Tanks for the ID on the hairgrass. I think I will go take a plug of it and test grow some under water to be sure.


----------



## HeyPK (Jan 23, 2004)

The second one is willow. The last one is genus, Bidens. It produces the two-pronged 'sticktights'


----------



## PeterE (Feb 9, 2010)

Do you have any clear lakes near you? Those are the ones that are usually filled with plants up here. That substrate article was really cool, by the way. I really want to try it out.


----------



## mudboots (Jun 24, 2009)

I enjoyed the artilcle. I'll keep this in mind for the future set up. Thanks for sharing.


----------



## RESET (Oct 12, 2010)

Man, I hate those sticktight things. I have never seen one so small or not all dried up, didn't even recognize it. 

After some research, I think I got too excited about the hairgrass. I didn't realize that there was an aquatic and a non-aquatic plant with the same name. Darn.

So, I basically struck out on the ditch plants. Unless the willow is the one that I am thinking of that I can put some cuttings in the water and have it take root, sucking up some excess nutrients while I wait for some more plants. What do you think? will that work?


----------



## RESET (Oct 12, 2010)

PeterE said:


> Do you have any clear lakes near you? Those are the ones that are usually filled with plants up here. That substrate article was really cool, by the way. I really want to try it out.

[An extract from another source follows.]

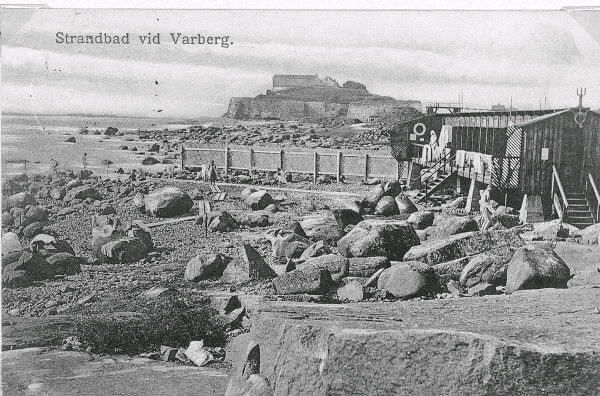 Badliv på damernas strandbad Skarpe Nord sedan badhytter och cementgång ned till vattnet, där en ledlina tog vid, uppförts. Här syns att även träspänger lagts ut över den steninga stranden fram till cementgången. Badhytter fanns även vid männens badplatser Goda Hopp och Djupa Dräkt. Påbudet då var dock att badkläder skulle användas och sådana hyrdes därför ut av badföreståndarna. Nakenbad bland herrar i större omfattning etablerades tidigare än bland kvinnorna, där det dröjde till fram mot 1920-talets slut.

There are lakes around but none in walking distance of my house. I am prety sure that I will need some sort of license to collect plants at a state park, where the lakes are. And to think that I used to just throw the "weeds" on the bank when I was fishing.


----------



## mudboots (Jun 24, 2009)

You might contact your local game personnel. Each state has its own rules on collecting, and some, like Texas, are no problem at all as long as you are not collecting endangered plants or plants on the noxious/invasive list.


----------



## RESET (Oct 12, 2010)

I think I will go the retail or hobbiest route. It is safer and easier.

I am thinking I want some V. americana, some E. parvula and some P. pectinata and maybe a couple Echinodorus cordifolius. The Val would be used a boarder plants to break up line of sight as would the Proserpinaca. The hairgrass would be used as small bedding areas and the rest open gravel. How many of each plant would I need to effectively start this NPT?


----------



## mudboots (Jun 24, 2009)

Not sure exactly how much of each, but you definitely want to overestimate and get it as densely planted from the start as you can.

Some of those species you want have been in the for-sale-or-trade forum recently. You might want to post a want to buy post in there; generally you get more for your money that way.


----------



## RESET (Oct 12, 2010)

I saw them in there too. I just need to figure out how many I want so I can start a WTB thread. I saw the V. americana in there for $0.75 each, that is a really good deal.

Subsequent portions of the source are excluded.